‘Marie Curie ‘ Hospital for Children to extend intensive care facilities for babies
A new facility will be built at Marie Curie hospital in Bucharest for babies needing intensive care
Roxana Vasile, 06.01.2021, 11:29
The Marie Sklodowska Curie Emergency Childrens Hospital in Bucharest hosts the most modern intensive care unit for newborns in Romania and in South-Eastern Europe. The 27 beds are insufficient though for the premature babies or for those who suffer from various diseases, from all over the country, who need medical care at the highest standards. In the absence of a satisfactory number of beds, many of the babies with problems lose their lives before they even reach the care of specialists. More precisely, dozens of them die annually, waiting, on a list, for the release of a place in the neonatology intensive care unit.
This is the reason why the head of the department, doctor Cătălin Cîrstoveanu, dubbed childrens angel, and the president of the Childrens Heart Association, Alexandru Popa, make considerable efforts to extend the intensive care area. Basically, Dr. Cirstoveanu fights on his own for all babies with health issues to get a hospital bed:
“Romania needs at least 100 beds, in order to no longer face these situations that have been dragging for years, which no one has ever wanted to solve in a systematic, organised and orderly manner. Thats why we built a section seven years ago: from 8 to 10 beds, we went to 27 beds. The community has invested: companies, individuals, foundations, associations. We did it in Constanța (southeast) in the same way, now we repeat this here and the reason why we repeat it here again is because it is a multidisciplinary hospital which solves much more than it is solved in much of the rest of the country, and the pressure is enormous in relation to the cases that must be dealt with here. We wanted to be inspired by the best and to put into practice well-known, functional, efficient and super-performing models. For example, we, almost the entire department, went to the United States, where our teacher and friend Edward Bell in Iowa, with a lot of generosity, showed us, guided us, taught us, including how to avoid the mistakes theyd made there, so we took a ʹshortcutʹ and avoided many problems that Romania, in this area, does not understand or is barely trying to understand.”
In London, dr. Cîrstoveanu told us, specialists from Ferrari were asked to modernise the transfer of children from the operating room to the intensive care unit. If those people can change in four seconds the four wheels of a racing car, why not find solutions for transporting into the intensive care unit, fast and safely, of a recently operated new born?In other large hospitals of the world it was decided to place an MRI or even an operating room in the middle of the resuscitation department.

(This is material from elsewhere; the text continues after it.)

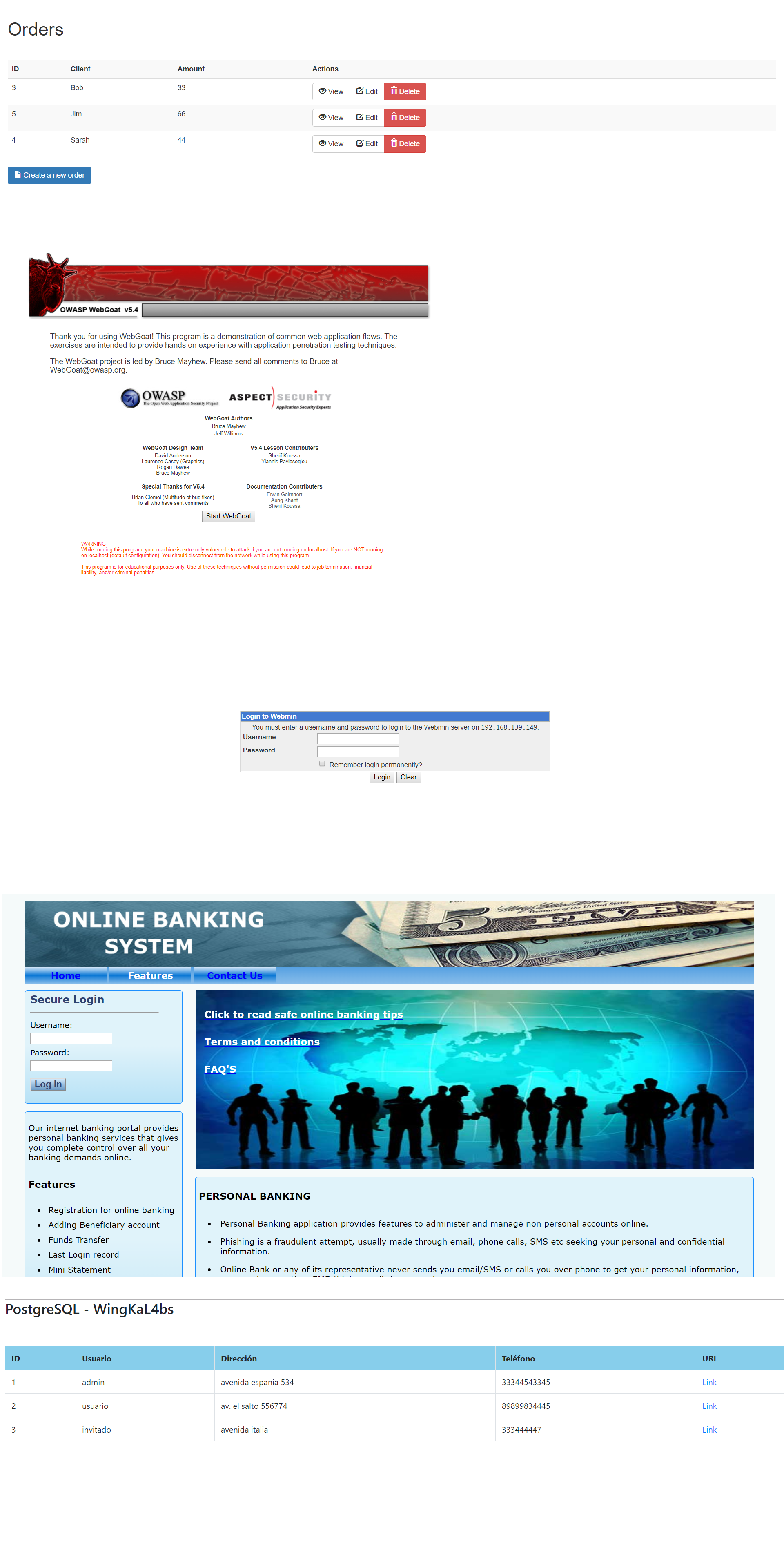 WingkaLabs es un Sistema Operativo Vulnerable basado en Ubuntu 14.04, contiene una diversidad de proyectos y laboratorios orientados a la educación de Hackers éticos. Dentro de WingkaLabs podrás encontrar una diversidad de Tecnologías disponibles para elevar tus conocimientos en Hacking, como por ejemplo encontraras; MySQL, SQLite, PostreSQL, MongoDB y LDAP, Servidores HTTP como Tomcat, Apache y Mini servidores Web recortados, dentro de los lenguajes de Programación que podrás poner a prueba son JAVA, PHP, Nodejs, PYTHON y Perl. Con el fin de que este Mix de laboratorios tuviera una experiencia completa, se agregaron productos software con Exploit conocidos, para que el estudiante tenga la oportunidad de modificar o construir Exploit y así elevar sus conocimientos en materias más técnicas. En la parte de Servicios expuestos por el servidor, se encuentra una gran diversidad de protocolos, el objetivo es que el estudiante que utilice WingkaLabs, descubra fallos de configuración por defecto y desactualización de software. Cabe señalar que todas las aplicaciones y servicios, están configuradas de tal manera, que se pueda realizar ataques de diccionario o fuerza bruta, ojala el estudiante se anime a realizar script para explotar cada uno de estos fallos. Además se agregaron 3 de los CMS más populares en Internet, para que el estudiante pueda aprender a hacer auditorias de Wordpress, Drupal y Joomla y para darle un valor agregado a todo el proyecto, escribí 3 laboratorios para entrenar inyección en LDAP, MONGODB y POSTGRESQL.

Or, looking around and seeing what are the trends in the field, doctor Cîrstoveanu wants them replicated in Romania, at Marie Curieʹ. The plans are big, matching the importance of the mission. A new hospital will be built with 20 new places, in individual rooms, in Intensive Care, a neonatal operating room and better accommodation for parents and medical staff wil be provided. In short, everything that is better and newer for Romanian children, says Dr. Cătălin Cîrstoveanu:
Its a much bigger building than we have. We thought of dreaming big and scheduling bold things, not for a year, not for three, but for ten – twenty – thirty. We want to be like the best! Then we have another serious problem! We have seen that doctors and nurses do not have enough training to work with their hands, not just their heads. They lack dexterity, proper use of their hands, and I said we needed to do a training centre especially since we had a program with our colleagues in the hospital, we went all over the country and we saw that there were big problems and I said that people must learn on plastics, on mannequins as similar as possible to the human body, the body of a small child, in order to learn to perform procedures on children in complete safety. Thats why we will also include a training centre”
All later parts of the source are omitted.